== Provided data

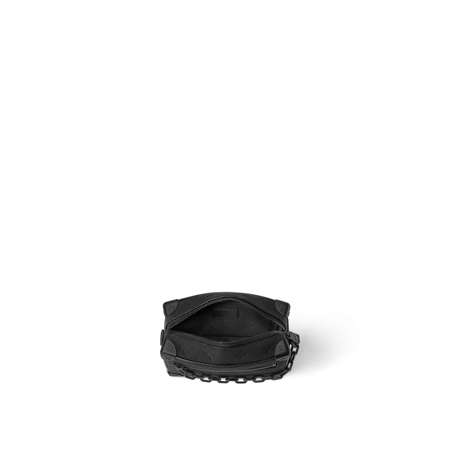 With its riveted corners and boxy shape, the Mini Soft Trunk bag in black Monogram-embossed Taurillon leather is a direct descendent of Louis Vuitton’s original trunks. The two matte-black chains, one connected to the zipper and the other serving as part of the shoulder strap, bring modernity to this small bag.
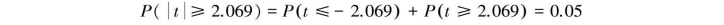 当ν=23,双侧概率α=0.05时,由附表2中查得双侧t0.05/2,23=2.069:
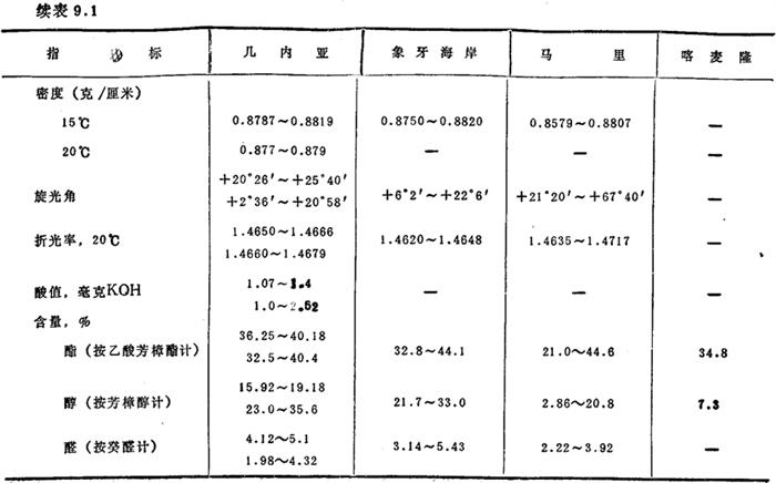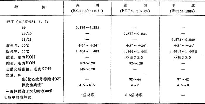 *这项指标的测定方法见附录第220页。 根据意大利和法国药典资料,香柠檬油的性质见表9.3。 表9.3 根据药典资料香柠檬油的物理化学指标
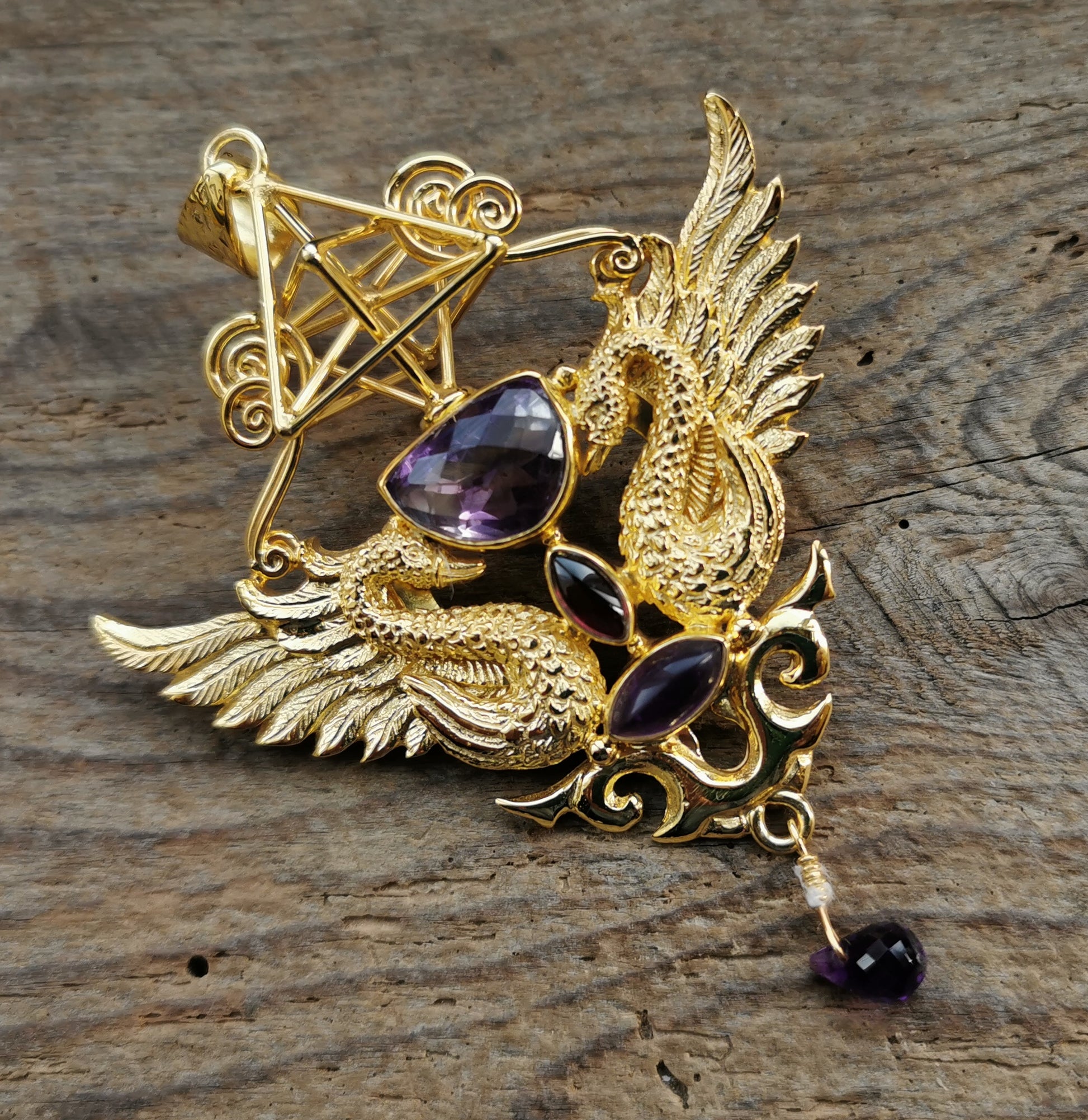 Ref.PD0757 - Gold plated on silver pendant with swans & Hyper Tetrahedron geometry, plus chalice decorated with amethyst & garnet gemstones.

====

_Task goal:_
Starting from the first line of the listing above, write out every line exactly through the one containing "根据意大利和法国药典资料,香柠檬油的性质见表9.3。 表9.3 根据药典资料香柠檬油的物理化学指标", and drop the pictures.

_Solution to this exercise:_
 With its riveted corners and boxy shape, the Mini Soft Trunk bag in black Monogram-embossed Taurillon leather is a direct descendent of Louis Vuitton’s original trunks. The two matte-black chains, one connected to the zipper and the other serving as part of the shoulder strap, bring modernity to this small bag.
 当ν=23,双侧概率α=0.05时,由附表2中查得双侧t0.05/2,23=2.069:
 *这项指标的测定方法见附录第220页。 根据意大利和法国药典资料,香柠檬油的性质见表9.3。 表9.3 根据药典资料香柠檬油的物理化学指标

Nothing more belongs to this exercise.